Work instructions | Nothing but the images should be left out when the entries are restated word for word.

Given data |
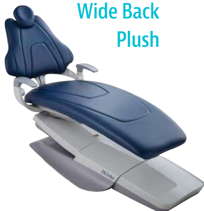
Wide Back Plush
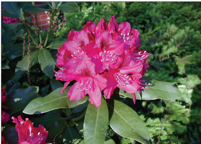
Figure 3. Rhododendron variety Nova Zembla in bloom.

There are many beautiful rhododendrons. However, some are not reliably cold hardy or heat tolerant in our area. In general, more varieties may be grown in the milder climate of southern Missouri. The following selected varieties are some of the most reliable, although not always the most beautiful.
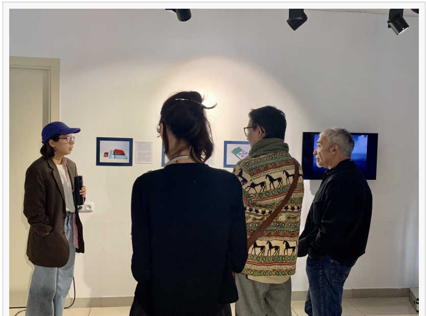
Pause/Play: Culture under Pressure

The subsequent exhibition "Translating Transition" at Goethe Center in Yerevan became an important part of the program.
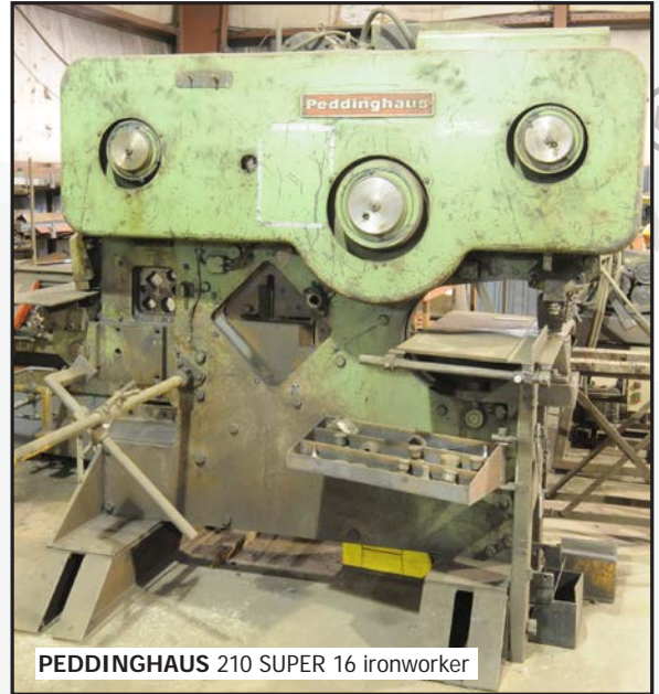
PEDDINGHAUS 210 SUPER 16 ironworker

Solution below |
Wide Back Plush
Figure 3. Rhododendron variety Nova Zembla in bloom.

There are many beautiful rhododendrons. However, some are not reliably cold hardy or heat tolerant in our area. In general, more varieties may be grown in the milder climate of southern Missouri. The following selected varieties are some of the most reliable, although not always the most beautiful.
Pause/Play: Culture under Pressure

The subsequent exhibition "Translating Transition" at Goethe Center in Yerevan became an important part of the program.
PEDDINGHAUS 210 SUPER 16 ironworker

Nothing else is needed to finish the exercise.